Turut Hadir dalam peresmian ini yakni
mantan menteri pertanian periode 2014-2019 Andi Amran Sulaiman, Wakapolda Sulsel Brigjen Pol Chusaeni Patoppoi. WaliKota Makassar Danny Pomanto, Wakil Bupati Soppeng Luthfie Halide, Bupati Bulukumba Andi Muchtar Ali Yusuf,
Rektor UNM Prof Husain Syam, serta Rektor Unhas Prof Jamaluddin Jompa.

Mantan kapolda Sulsel tahun 2013-2014 itu mendirikan kantor hukum Law Firm dan kini
Irjen Pol (Purn) Burhanuddin Andi  menekuni profesi sebagai pengacara.

Dalam sambutannya Dr. Burhanuddin Andi mengatakan kantor hukumnya itu hadir untuk memberikan bantuan hukum kepada masyarakat menengah ke bawah.

“Kantor Law Firm ini kita harapkan menjadi sarana dan media komunikasi, bagi sesama penasihat hukum. Sekaligus menjadi penasihat hukum bagi masyarakat dalam mencari keadilan,” tuturnya

Selain dikenal sebagai jenderal polisi, Burhanuddin Andi adalah doktor ilmu hukum.
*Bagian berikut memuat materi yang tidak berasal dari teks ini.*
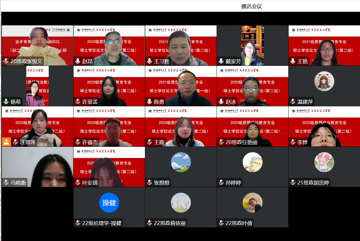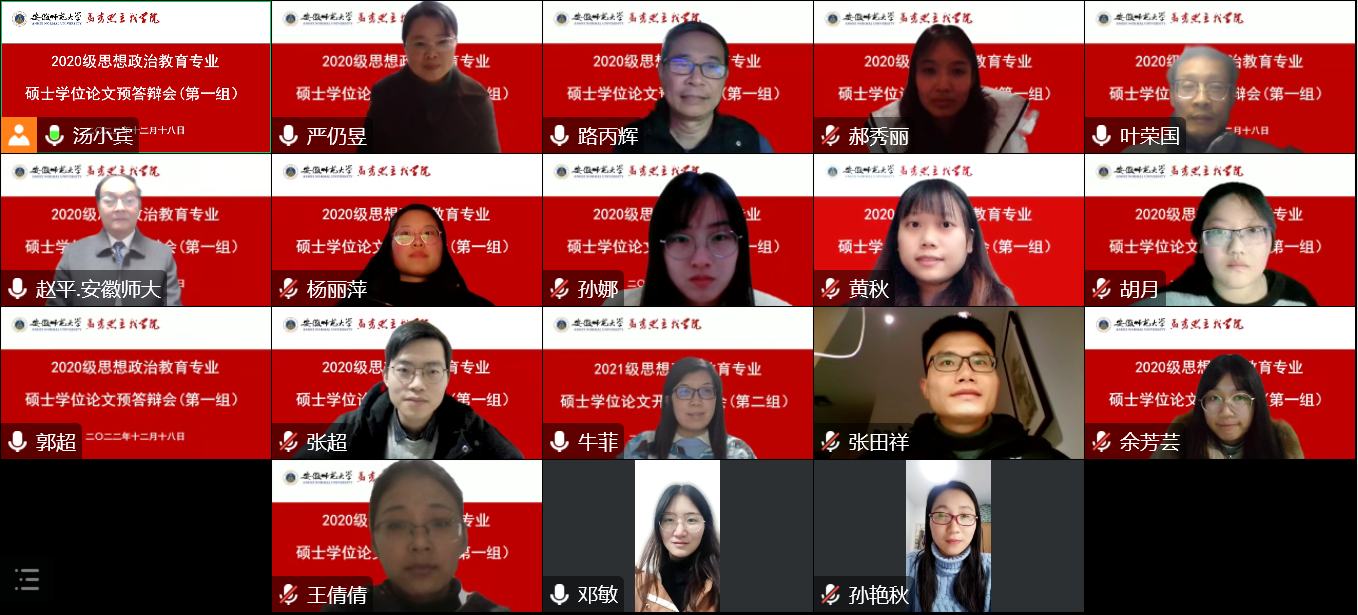 本网讯(2020级研究生 张超)12月18日下午,永利集团304am思想政治教育硕士点2020级思想政治教育专业硕士研究生毕业论文预答辩会顺利举行,会议使用腾讯会议线上方式分两组同时进行。第一组由安庆师范大学严仍昱教授担任预答辩委员会主席,路丙辉教授、赵平教授、叶荣国副教授、牛菲副教授、孙艳秋副教授、郭超副教授、朱琳副教授担任答辩委员。第二组由曲阜师范大学赵昆教授担任预答辩委员会主席,王习胜教授、王艳教授、戴家芳教授、赵冰副教授、杨希副教授、陈勇副教授担任答辩委员。学位点2021级、2022级全体研究生线上观摩学习。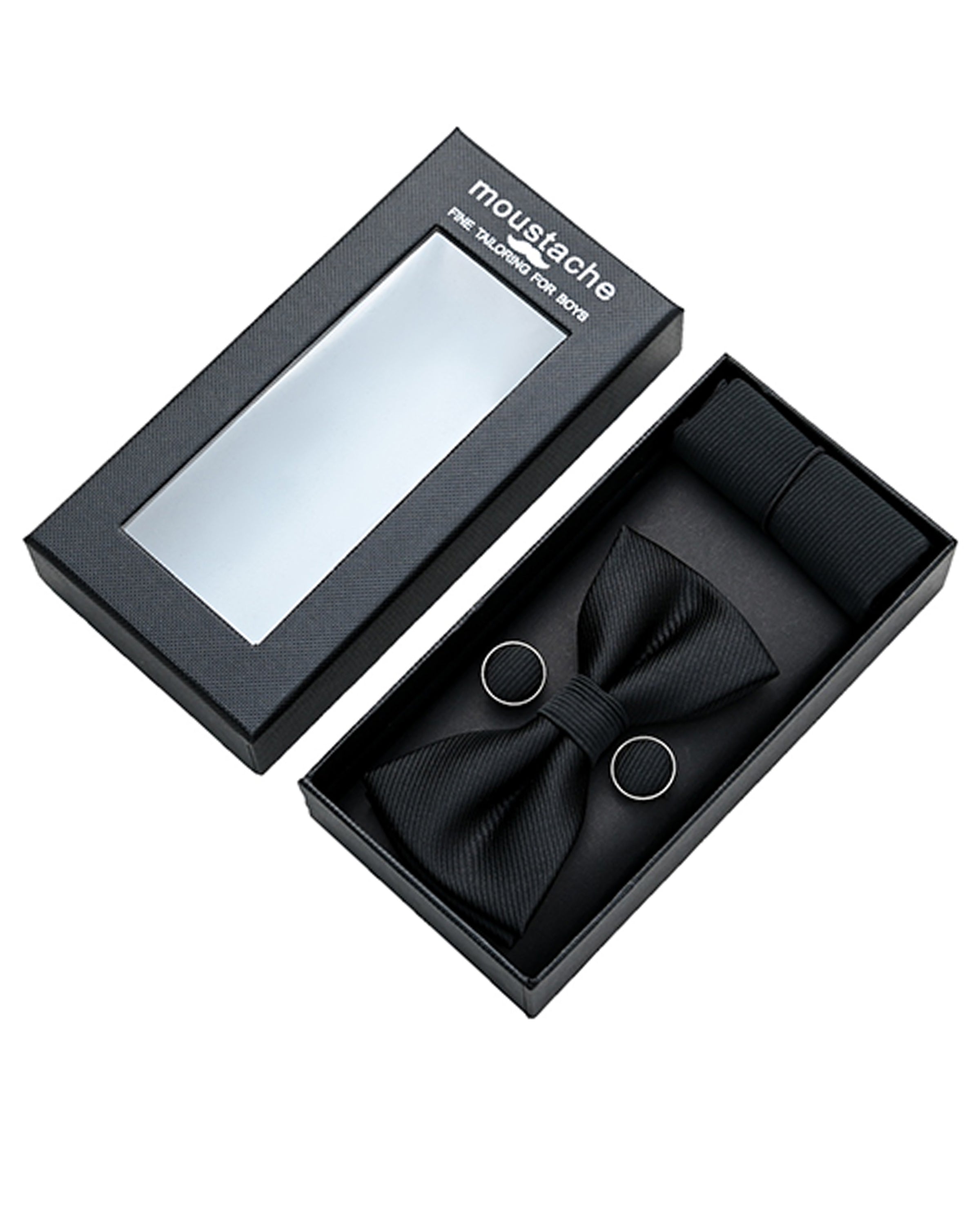 Versatility is at the heart of this set's design. Whether it's donned for a black-tie event, a formal dinner, or to add a touch of refinement to a smart casual ensemble, this black etched bowtie set complements various styles and occasions. Its adaptability guarantees your young man will always look impeccably dressed, regardless of the setting.

Ia menyelesaikan pendidikan doktor di Universitas Muslim Indonesia (UMI) Makassar pada 2016 lalu.

Ia diambil sumpah sebagai advokasi oleh Pengadilan Tinggi (PT) Makassar pada 15 Maret 2022 lalu.

Menurut Burhanuddin Andi, tidak sedikit masyarakat ke bawah sering membutuhkan bantuan hukum dalam mencari keadilan.

“Kita melihat tidak sedikit warga berjuang mencari keadilan melalui proses hukum. Saya ingin membantu masyarakat yang terzdalimi memperoleh hak-haknya. Kita juga berkomitmen memberantas mafia hukum dan mafia tanah. Apalagi sejalan keinginan Bapak Presiden Joko Widodo,” katanya.

Selepas purna tugas sebagai polisi, jebolan Akabri 1983 itu mengaku banyak berinteraksi dengan  masyarakat diantaranya membahas  masalah sosial, ekonomi, atuapun masalah hukum.

Sebagai doktor ilmu hukum, Puang Bur mengaku punya keinginan mengimplementasikan keilmuannya sebagai tanggung jawab moral kepada masyarakat.

“Sebagai aparat kita melihat hukum dalam kacamata formal dan Sebagai lawyer kita melihat perspektif hukum yang berbeda. Profesi ini adalah pengabdian terakhir untuk membela masyarkat memperjuangkan keadilan,” Pungkasnya.